I woke up late today although I slept early yesterday, I told myself to have a good rest so I will have a fresh mind today.. I guess is working.. Being calm is the main key of the exam though.. Firstly I want to apologize that I spotted some question wrongly, sigh.. Well I didn't study trade barriers as well.. When I reach college, meet up with Jeff, Jess and Nisha.. All of them studying trade barriers and I study nothing about that lecture, I remember that Mr Andrew told us that he won't put that as one of our essay question. Looking at so many people studying trade barriers really made me worried. When it is about 8.45a.m. I went to MPSJ hall (our exam venue) with Jeff, thank god that I'm steady today for economics exam. I got a shock when I notice the structure part of my economics paper is exactly the same with past year question which I think it really benefits everyone who did the past year question. I got stuck somehow in the essay part leaving me no choice but only choosing the first two essay to do because I didn't study trade barriers as well as the keynesian thingy lolz...

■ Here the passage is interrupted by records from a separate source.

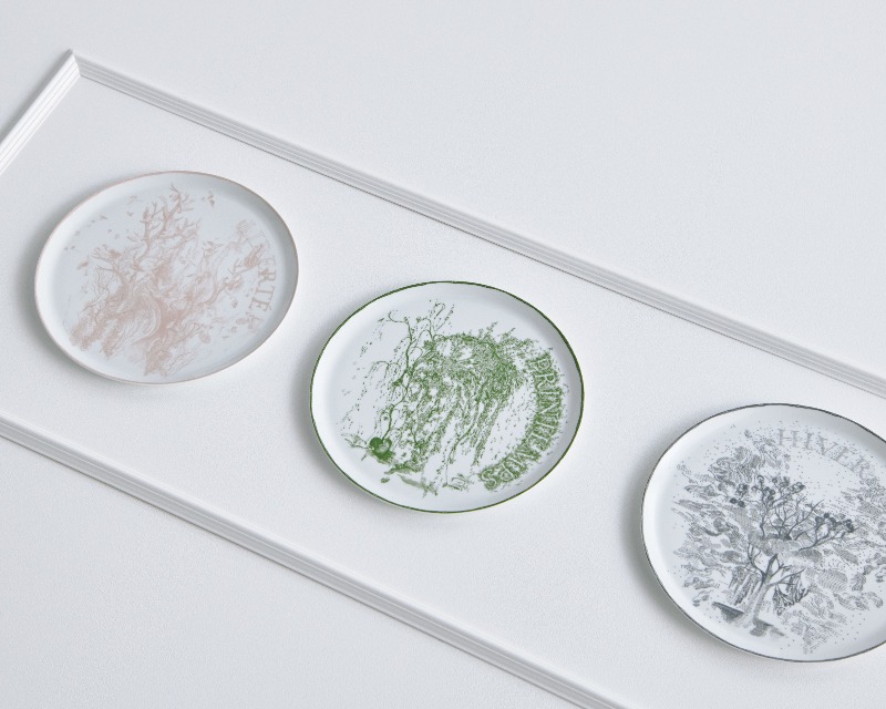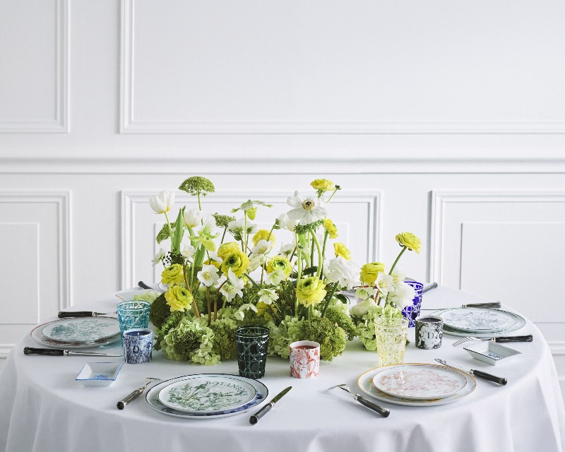 Dior’s new line ABCDior uses its Mitzah scarf collection prints to design functional homeware pieces. The pattern, designed by creative director Maria Grazia Chiuri, is turned into plates, stationery, and candle holders.
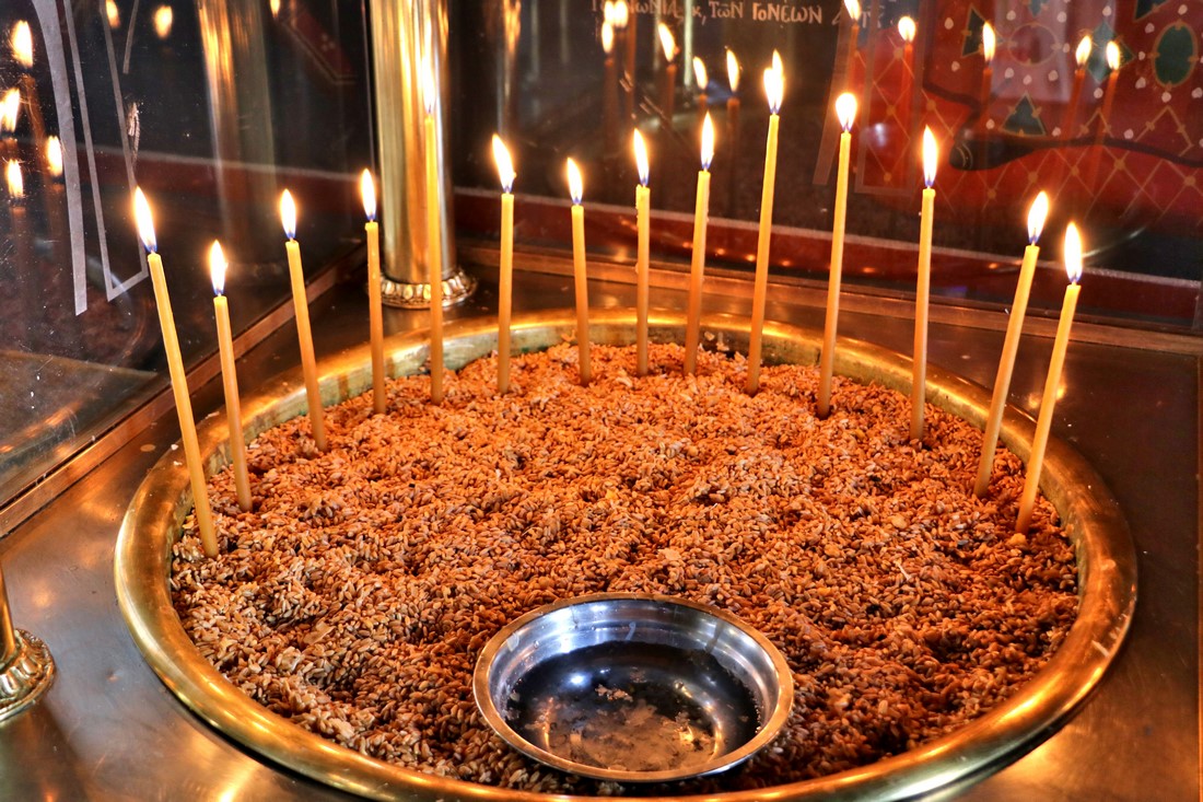 Для того чтобы свечки стояли, в чашу насыпали крупу:
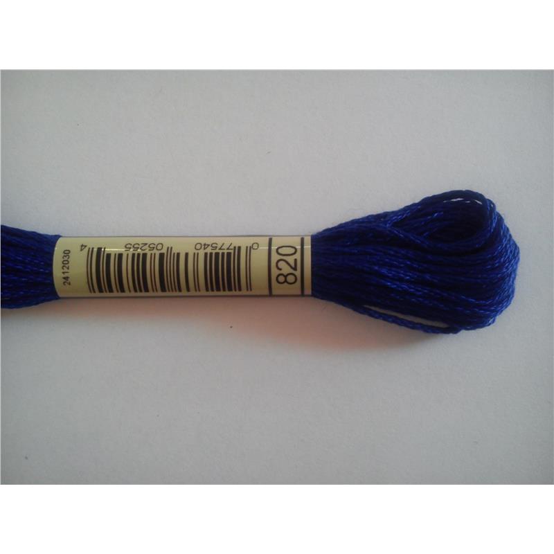 Mulina DMC kolor 820 - pasemko bawełniane 8m/8yd, dzieli się na 6 nitek. Najwyższej jakości podwójnie merceryzowana bawełna długowłóknista nadaje tej nici wyjątkowego połysku. Technika: haft krzyzykowy, haft półkrzyżykowy, haft płaski, igłą malowane.
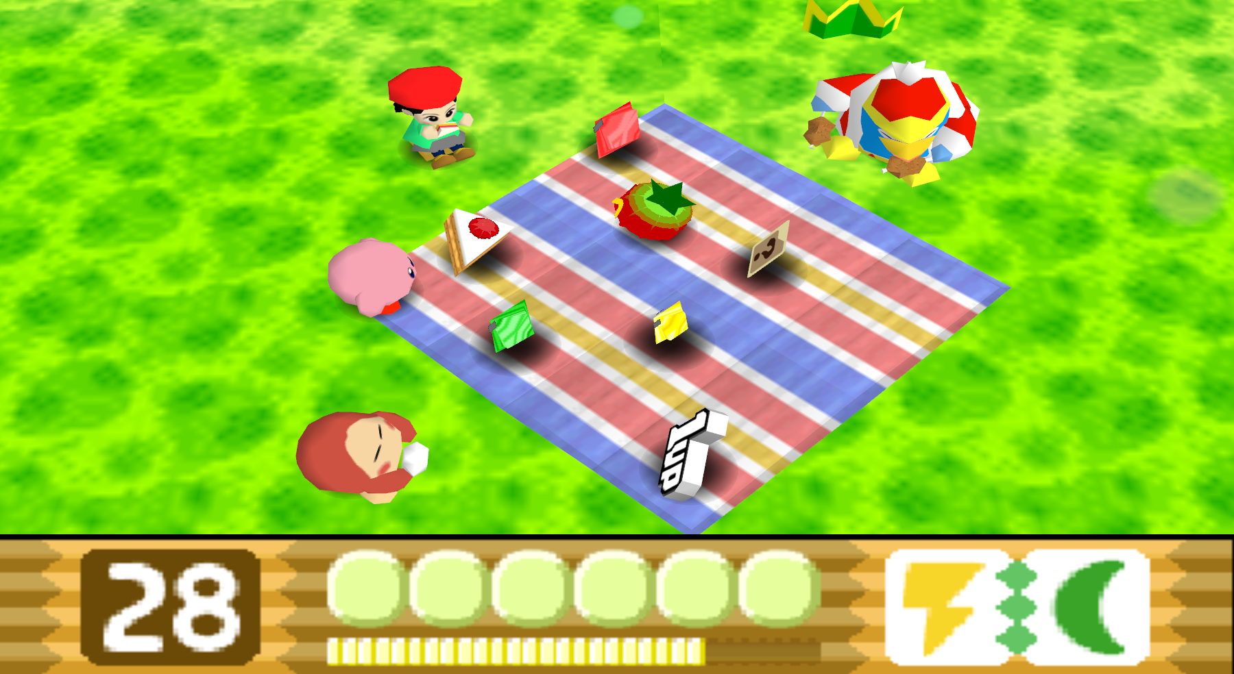 After the completion of each non-boss stage, the Goal Game starts. It consists of a picnic mat in a location which changes depending on the level just completed, with assorted food, stars, an Info Card, a Maxim Tomato, and a 1UP.
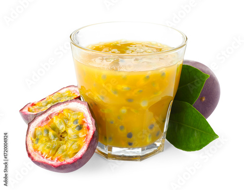 Tasty passion fruit drink and fresh fruits isolated on white

Forget about economics and next paper is ECS II, before that, I stupidly went to check out my moral marks and guess what?? I also fail.. zzz.. I got 10/20 for my mid sem.. what the hell.. Left me totally no mood, draining my concentration for English test.. I think I did badly for my English test, I totally run out of confident when I saw my moral marks and I couldn't really concentrate in the exam hall.. sigh.. I guess the effect gone off worst, making me under pressure in every subjects.. I'm worried I will fail my moral and I have not even touch BCP yet.. I'm soo doomed..
Tomorrow, I'll be having my accounting II, I'm trying to forget how disappointed I felt today for my exam.. Hope I can do well tomorrow and not to get affected by what happen today.. Again.. good luck to all people who will be having exams tomorrow!!